A port of OpenAI's Whisper Speech Transcription model to CoreML
The goal of this project is to natively port, and optimize Whisper for use on Apple Silicon including optimization for the Apple Neural Engine, and match the incredible WhisperCPP project on features.
Please note this repo is currently under development, so there will be bumps in the road.
Community input is welcome!
You can:
Create a Whipser instance whisper = try Whisper()
And run transcription on a Quicktime compatible asset via: await whisper.transcribe(assetURL:URL, options:WhisperOptions)
You can choose options via the WhisperOptions
struct.
Whipser CoreML will load an asset using AVFoundation and convert the audio to the appropriate format for transcription.
Alternatively, for realtime usage, you can call start a whisper session via startWhisperSession(options:WhisperOptions)
, and then send sample buffers to accrueSamplesFromSampleBuffer(sampleBuffer:CMSampleBuffer)
from say an AVCaptureSession or AVAudioSession, or any other source.
Note, we accrue a 30 second sample for now as that is the expected number of samples required.
- Working Multi Lingual Transcription
- Optimize the CoreML models for ANE using Apples ANE Transformers sample code found at this repository
- Port Log Mel Spectrogram to native vDSP and ditch RosaKit package dependency.

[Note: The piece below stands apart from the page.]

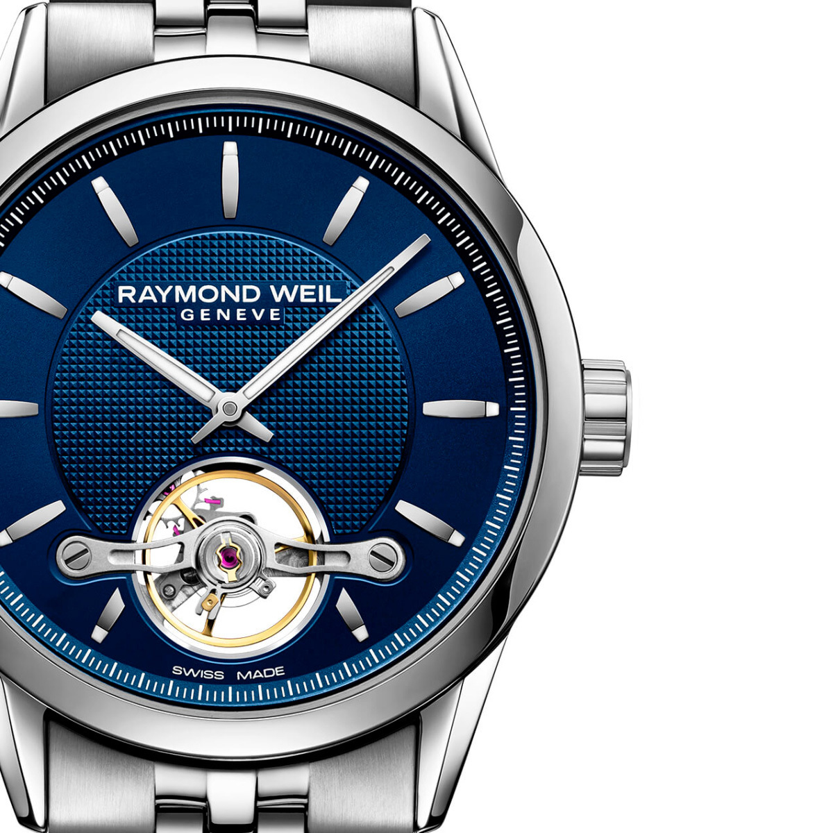 Ремешок: Браслет из высококачественной стали с 5 рядами литых звеньев. Браслетная застежка, раскладывающаяся при нажатии на кнопки с двойной системой блокировки, украшена гравировкой Raymond Weil.

- Decode Special Tokens for time stamps.
- Decide on API design
- Base model gets roughly 4x realtime using a single core on an M1 Mac Book Pro.
For ease of use, you can use this Google Colab to convert models. Note that if you convert Medium or larger models you may run into memory issues on Google Colab.
This repository assumes youre converting multilingual models. If you need 'en' models you'll need to adjust the special token values by negative 1.